- **Problem requirements**:
All of the data that follows should be retyped exactly, please, except the pictures.

- **Supplied material**:
^^^^^^^^

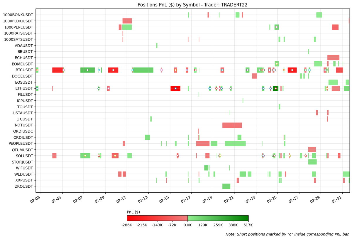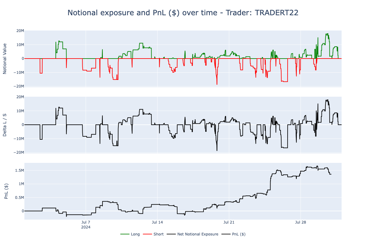 The notional exposure chart reveals that TRADERT22 frequently alternated between long and short positions, with exposure fluctuating between -$20 million and +$19 million. His PnL curve remained close to breakeven for the first half of July, with all significant profits ($1.4 million) being generated during the final two weeks of the month.
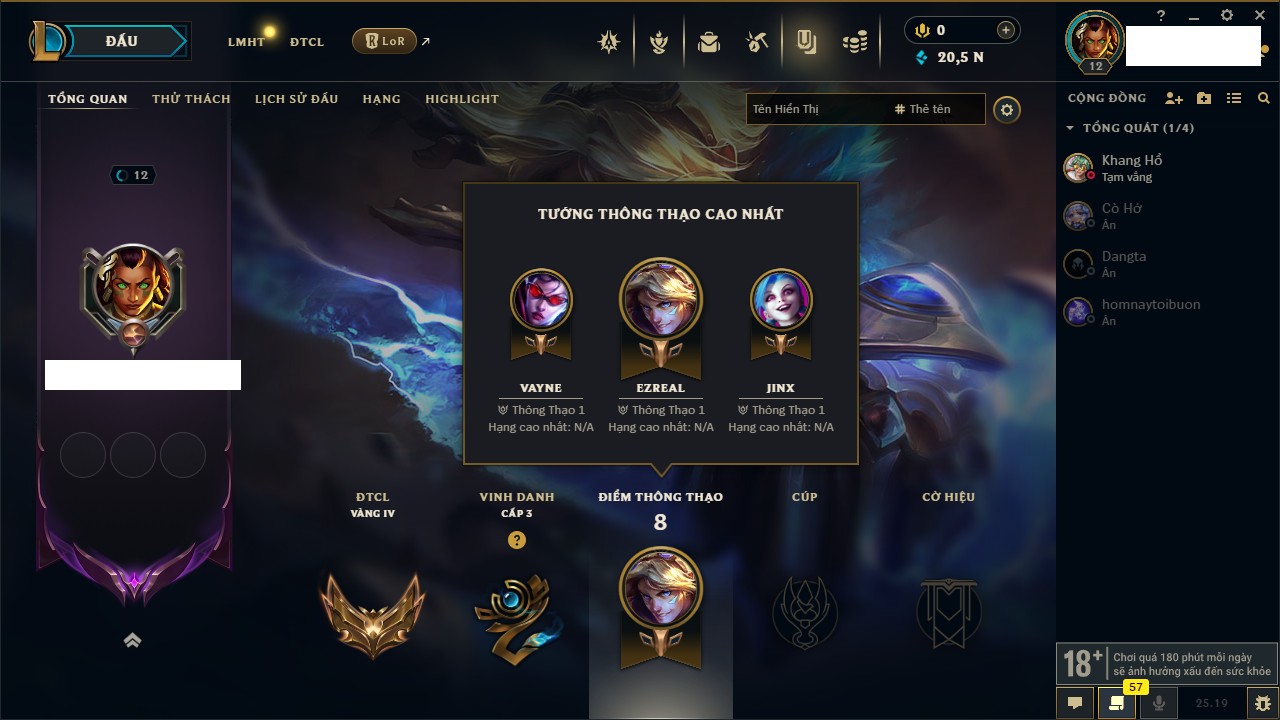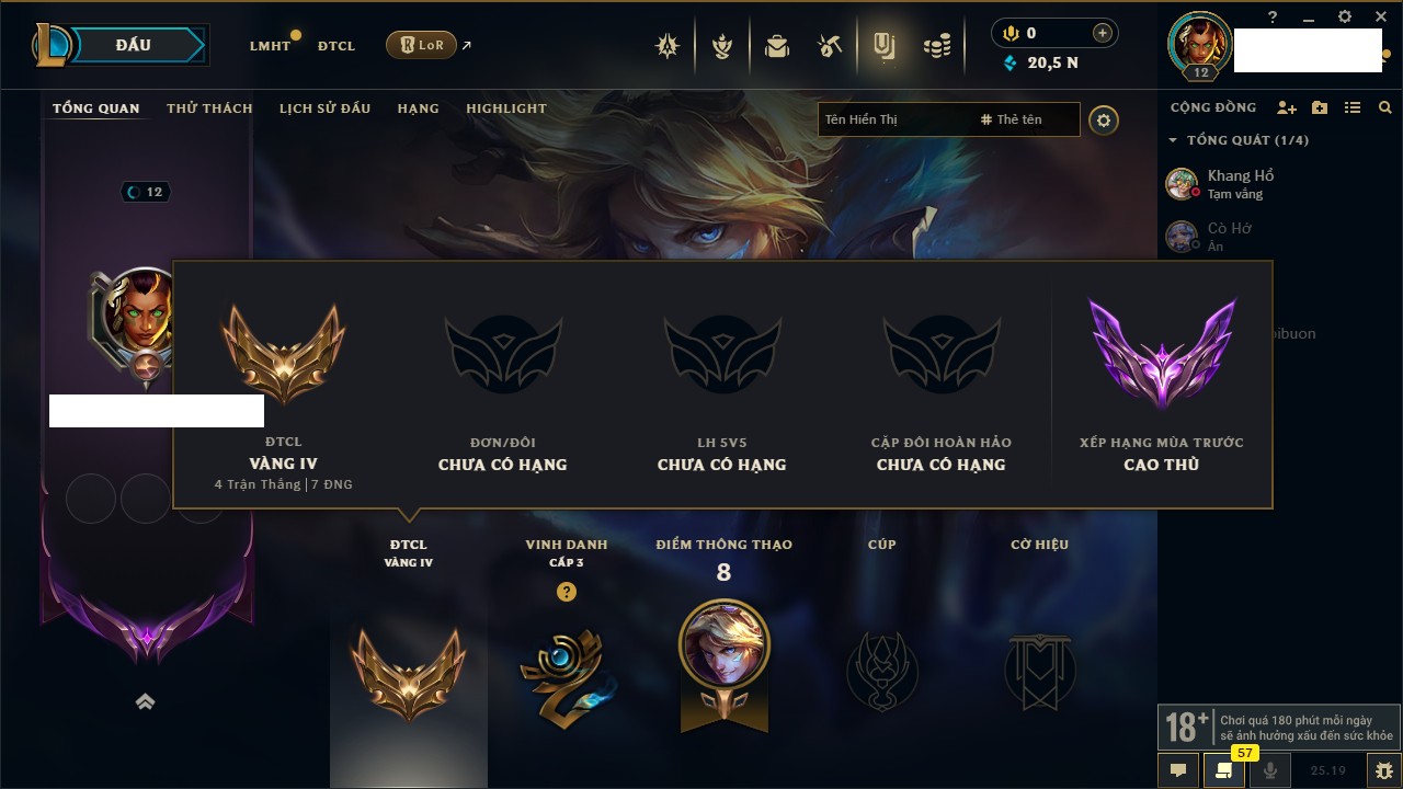 Rank Đơn: Chưa rank mùa nàoKhung: Chưa có khungTướng: 4 - Còn 12000 THXTrang Phục: 0Rank ĐTCL: Bạch Kim IIILinh Thú: 20
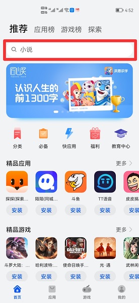 查找抖音客户端需要在手机应用市场中,搜索抖音并安装即可。以手机华为p50为例,查找抖音客户端的步骤分为3步,具体操作如下:在华为应用市场界面中,点击顶部搜索框。

^^^^^^^^

- **Answer to the problem**:
 The notional exposure chart reveals that TRADERT22 frequently alternated between long and short positions, with exposure fluctuating between -$20 million and +$19 million. His PnL curve remained close to breakeven for the first half of July, with all significant profits ($1.4 million) being generated during the final two weeks of the month.
 Rank Đơn: Chưa rank mùa nàoKhung: Chưa có khungTướng: 4 - Còn 12000 THXTrang Phục: 0Rank ĐTCL: Bạch Kim IIILinh Thú: 20
 查找抖音客户端需要在手机应用市场中,搜索抖音并安装即可。以手机华为p50为例,查找抖音客户端的步骤分为3步,具体操作如下:在华为应用市场界面中,点击顶部搜索框。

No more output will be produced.